What stood out about Claudette was the idea of “readiness”, because often a client will say that they are ready to adopt a healthy lifestyle, but through their actions, the coach can see that in reality, they were not yet ready to commit to any permanent changes. This would be a good time to focus on what’s going on underneath, and why perhaps the client is not ready to change, but might be ready to gain clarity around the issue and go easier on herself, which in itself is a great accomplishment for many people. It was also noteworthy that she advocated making small changes one at a time. This “baby step” approach is so important in making lifestyle changes, because it gives the person the necessary time it takes to incorporate these lifestyle changes permanently.
Conclusion
Coaching is an ongoing process that is based on what the client wants to accomplish rather than what the coach wants to accomplish. It is important to coach the client at the pace they feel comfortable and ask them to make small changes one at a time, ones that they can live with indefinitely without feeling overwhelmed. One of the most important things to come out of this research is the importance of treating the client as a whole person. Each coach either said this directly or alluded to the fact that when a client is coached around losing weight, they are in reality being life-coached, and the weight loss happens as a result of them making better choices and thus feeling better about themselves, not as a result of putting them on a diet.

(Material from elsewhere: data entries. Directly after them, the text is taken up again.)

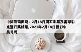 中奖号码揭晓:2月18日国家彩票及雷球彩完整开奖结果/2021年2月18日福彩中奖号码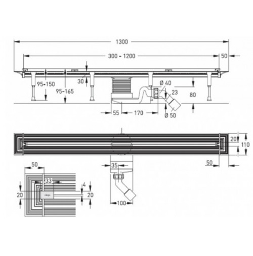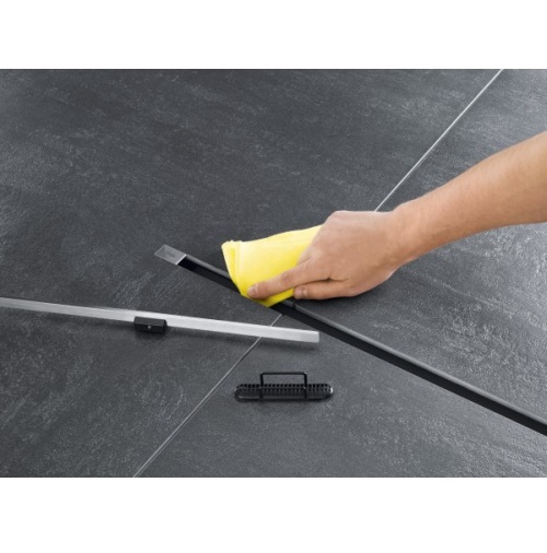 - - комплектація: монтажні опори, кінцеві заглушки, самоочисна конструкція сифона, регульоване за висотою кріплення для дизайн-вставки, компенсатор висоти, фронтальна поверхня для нанесення/закріплення гідроізоляції, набір ущільнень, шаблон для обрізання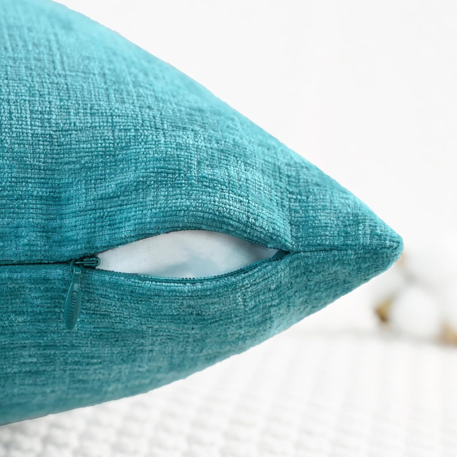 CaliTime Throw Pillow Covers Decorative 18 X 18 Inches Pack of 2 Cozy Chenille Cushion Cases for Couch Sofa Bed Living Room Home Lake Blue

Three factors are worth highlighting based on what the interviewed coaches said. The client must be emotionally ready to make changes, these changes must be in line with the client’s core values, and these changes have to feel good to the client. If any of these three criteria are not met, it is the opinion of this coach that the client will not be successful in making any sustainable lifestyle changes. In addition, it is very important that the client decide for themselves what is best and then determine what changes in their lifestyle they are willing to make, rather than be told what changes they need to make. Coaching is about supporting the client in feeling good, whether they lose weight or do not lose weight. Until now, it was always about the weight. In the end, it is actually about how the client feels on the inside. Because when a person feels good on the inside, the outside is bound to follow suit!
References
Bork, Chere, Telephone interview. 5, April 2012.
Greene, Alice, Telephone interview. 9 April 2012.
Pelletier-Hannah, Claudette, Telephone interview. 10, April 2012.